Other groups like the Center for American Progress have called for new spending on carbon sequestration technology. Environmental groups are supportive too.
But some worry that the coal users and producers are lobbying for additional spending as a climate cure-all that negates the need for actual emissions caps such as those called for in the climate bill written by Sens. Joe Lieberman (I-Conn.) and John Warner (R-Va.) that will be on the Senate floor next month.
“The question is, where is the money going to come from with appropriations so tight?” said Jeremy Symons of the National Wildlife Federation . “We shouldn’t pretend that magic money will appear for bold new energy directions without the essential ingredient of a cap-and-trade program.”
Climate bills like Warner-Lieberman create an auction of emissions allowances that will provide money to pay for carbon sequestration and other technology efforts to help companies meet their emissions caps, Symons noted.
Plus it creates a market-wide incentive to shift away from conventional coal plants, he said.
That will be a big shift for NRECA members; more than 80 percent of the power co-ops use comes from coal. By reducing emissions through energy efficiency improvements, the burden for utilities to reduce their own emissions may be reduced or at least delayed.
Instead of a broad cap-and-trade bill, Congress is likely to continue this year to play around the edges by extending tax incentives that encourage the development of renewable power, like solar and wind, and support energy efficiency programs.
English said that tax incentives aren’t enough for low-income residents to replace leaky windows or old appliances that eat up electricity. A $500 per low-income household credit is needed to ensure the improvements are made.
That amounts to about $12 billion a year for five years.
This week, the NRECA is holding its annual convention where 3,000 co-op members descend on Washington to press their case in person to lawmakers.
Co-ops produce and distribute electricity to only around 11 percent of the population, but their customers are located in around 75 percent of the nation’s landmass. That gives them extensive political reach.
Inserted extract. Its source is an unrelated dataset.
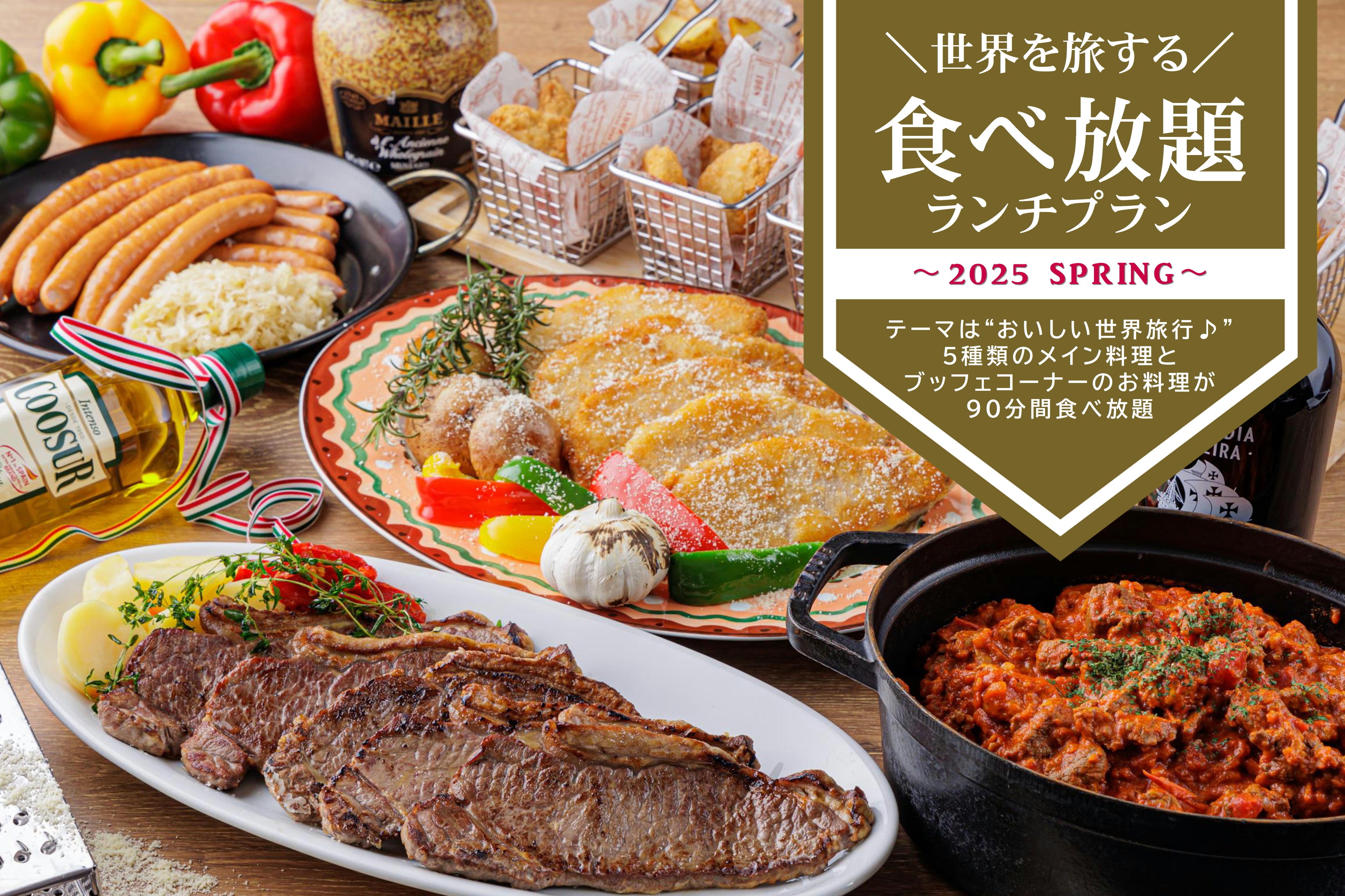 テーマは“おいしい世界旅行”。第一弾「春」はイタリアやドイツなど5カ国のお料理を食べ放題でご提供します。

For the members who don’t have an electric co-op in their districts, NRECA sponsors an “adopt a congressman” campaign to try to ensure they are contacted nevertheless.
NRECA, which grew out of New Deal efforts to electrify rural America, has started a new campaign to educate members of Congress and the public about the difficulty of meeting growing demand for electricity without worsening global warming trends. The effort has already generated 100,000 e-mails to lawmakers.
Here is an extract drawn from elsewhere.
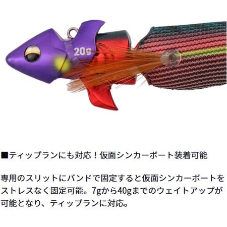 ■ティップランにも対応!仮面シンカーボート装着可能…専用のスリットにバンドで固定すると仮面シンカーボートをストレスなく固定可能。7gから40gまでのウェイトアップが可能となり、ティップランに対応。
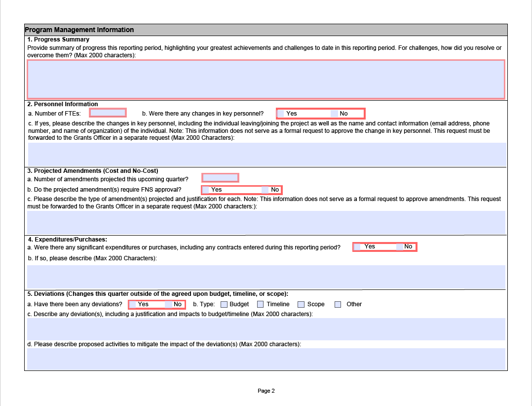 Note: This section describes progress report requirements and introduces the FNS-908 PPR form. All RFAs are required to include the PPR form and all grantees are required to use the FNS-908 PPR form when submitting Progress Reports.

In addition to new spending programs, NRECA also has a number of policy changes for which it is lobbying this week.
The group has created a new renewable energy cooperative to help pay for renewable energy generation projects.
English said the effort would principally concentrate on wind energy projects in the Great Plains. But there aren’t enough power lines to move electricity to the urban areas where it is needed, English said.
NRECA wants the federal government to take more control over where power lines are sited, to supercede local “not-in-my-backyard” laws that are blocking what it sees as a greater national good.
The Energy Department estimates energy demand will increase 17 percent between 2006 and 2020, which would require an additional 118,000 megawatts of power.
“In the next 10 years it will be extremely difficult to have enough electric power to meet the nation’s needs and have electric bills remain affordable. We need the government to partner with us to help avoid what we think is a very real possibility of blackouts and brownouts,” English said.